Si te interesan otras carnes con salsas reducidas, echa un vistazo al entrecot con setas y salsa de vino tinto: comparte técnica y filosofía con esta receta.

Preguntas frecuentes

¿Qué vino sustituye al Pedro Ximénez?

El Moscatel funciona muy bien y comparte el dulzor. Un Oporto tinto también vale, aunque tira más a frutos rojos. Si solo tienes vino tinto seco, añade una cucharada de azúcar moreno y un trozo de canela en rama mientras reduce.

¿Puedo hacer el plato con antelación?

La salsa sí: la haces hasta 24 horas antes y recalientas a fuego suave. La carne, no recomendable: el pato pierde el punto rosado al recalentar. Si tienes invitados, prepara la salsa por la mañana y haces los magrets justo antes de servir, son 12 minutos de cocción.
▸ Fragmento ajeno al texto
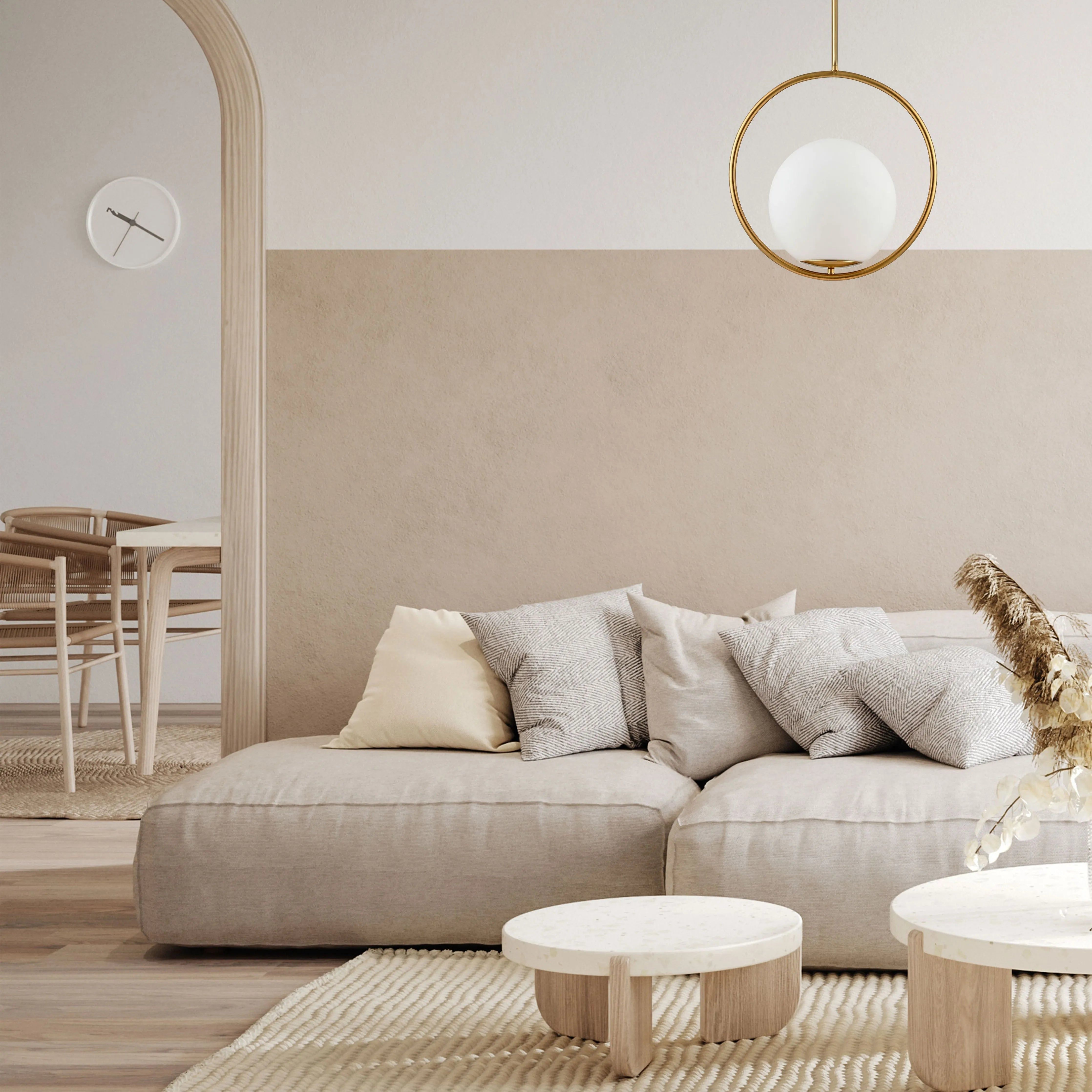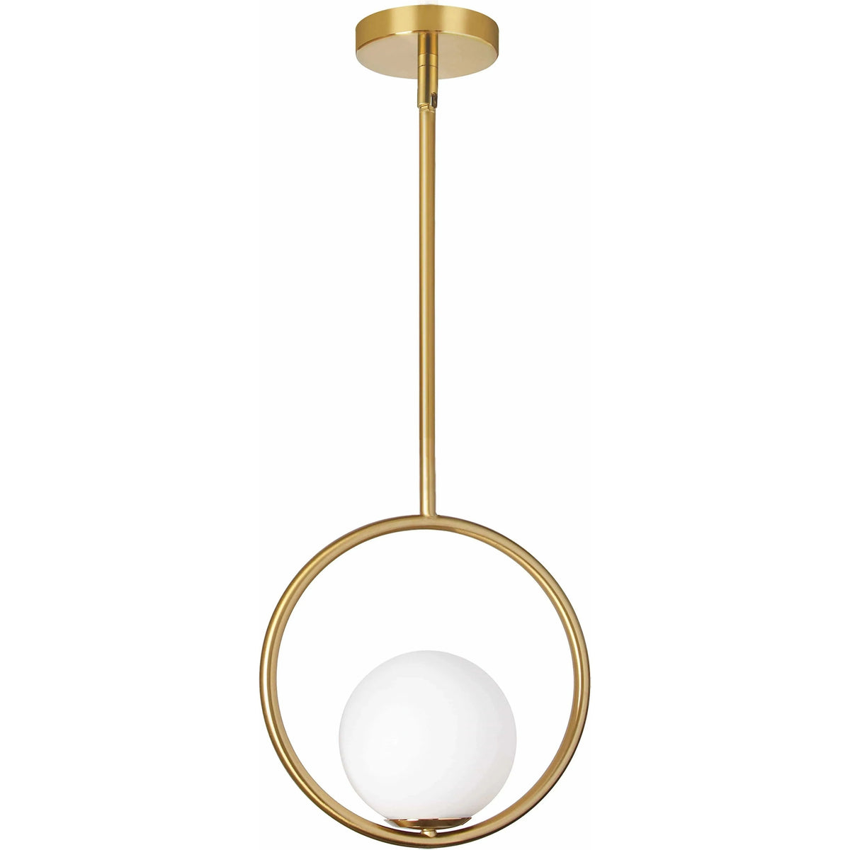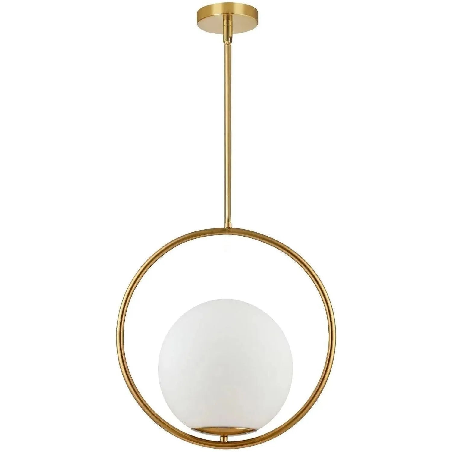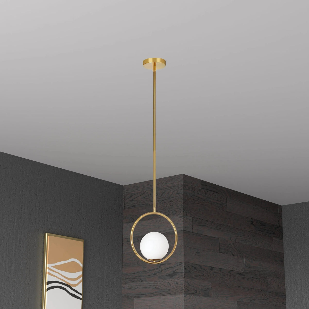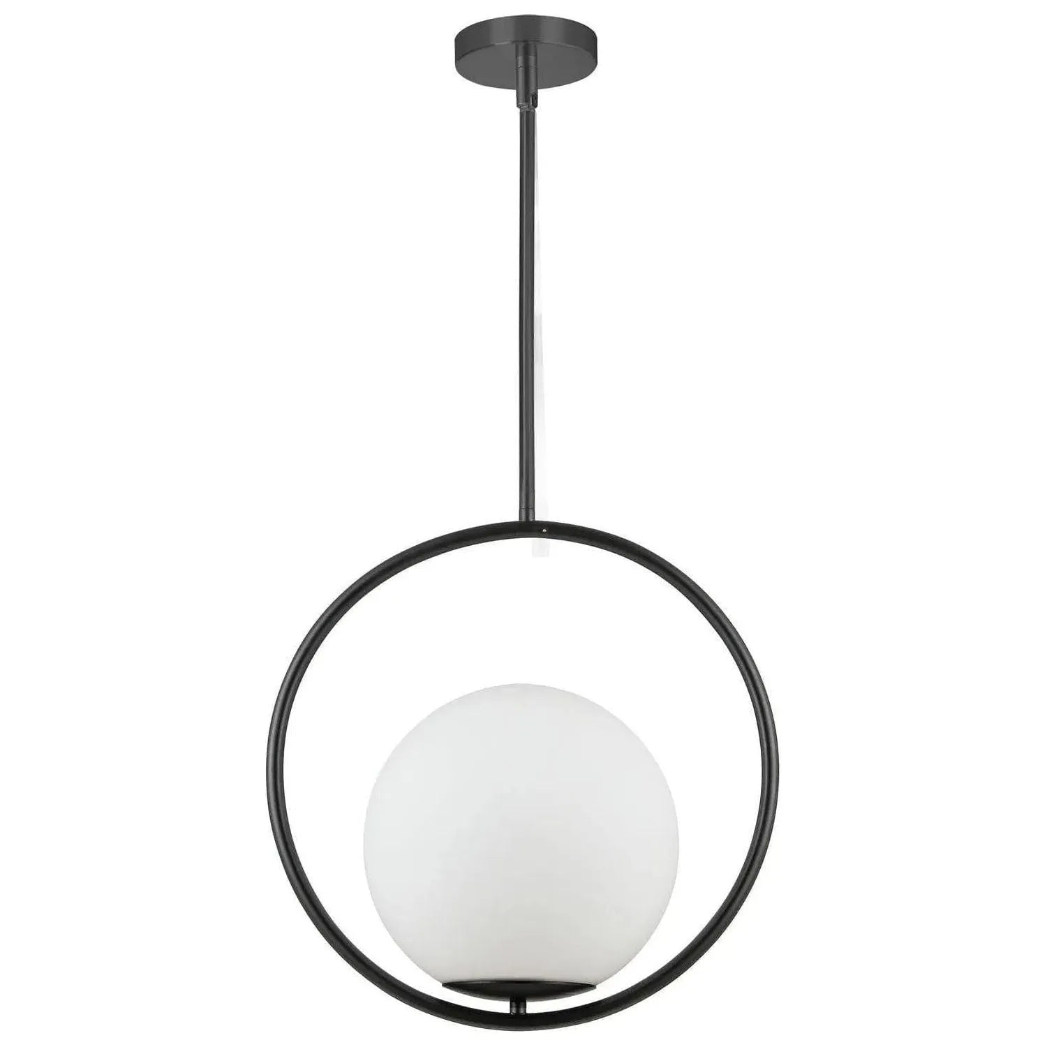 Adrienna Pendant by Dainolite presents a refined study in geometry: a matte metal ring cradling a luminous opal glass globe, engineered to read as both sculptural focal point and discreet task light. Its minimalist silhouette emphasizes form and finish, making a deliberate statement in curated interiors.

¿Cómo sé que el pato está en el punto correcto?

Con termómetro: 54 °C es poco hecho, 56-58 °C es punto medio (el ideal), 62 °C ya es pasado. Sin termómetro, prueba el dedo: presiona la carne y compara con la palma de tu mano relajada (poco hecho), tensa (medio) y muy tensa (pasado).

¿Se puede congelar?

El magret crudo aguanta 3 meses en el congelador. Cocinado y con salsa, mejor no: la textura se estropea. Si te sobra, cómetelo frío en láminas finas con una ensalada al día siguiente.

¿Magret y pechuga de pato son lo mismo?

No exactamente. Magret es la pechuga de un pato cebado para hacer foie, más grande y con más grasa. La pechuga normal es más pequeña y magra. Para esta receta vale cualquiera, pero ajusta tiempos: la pechuga normal necesita 2-3 minutos menos por lado.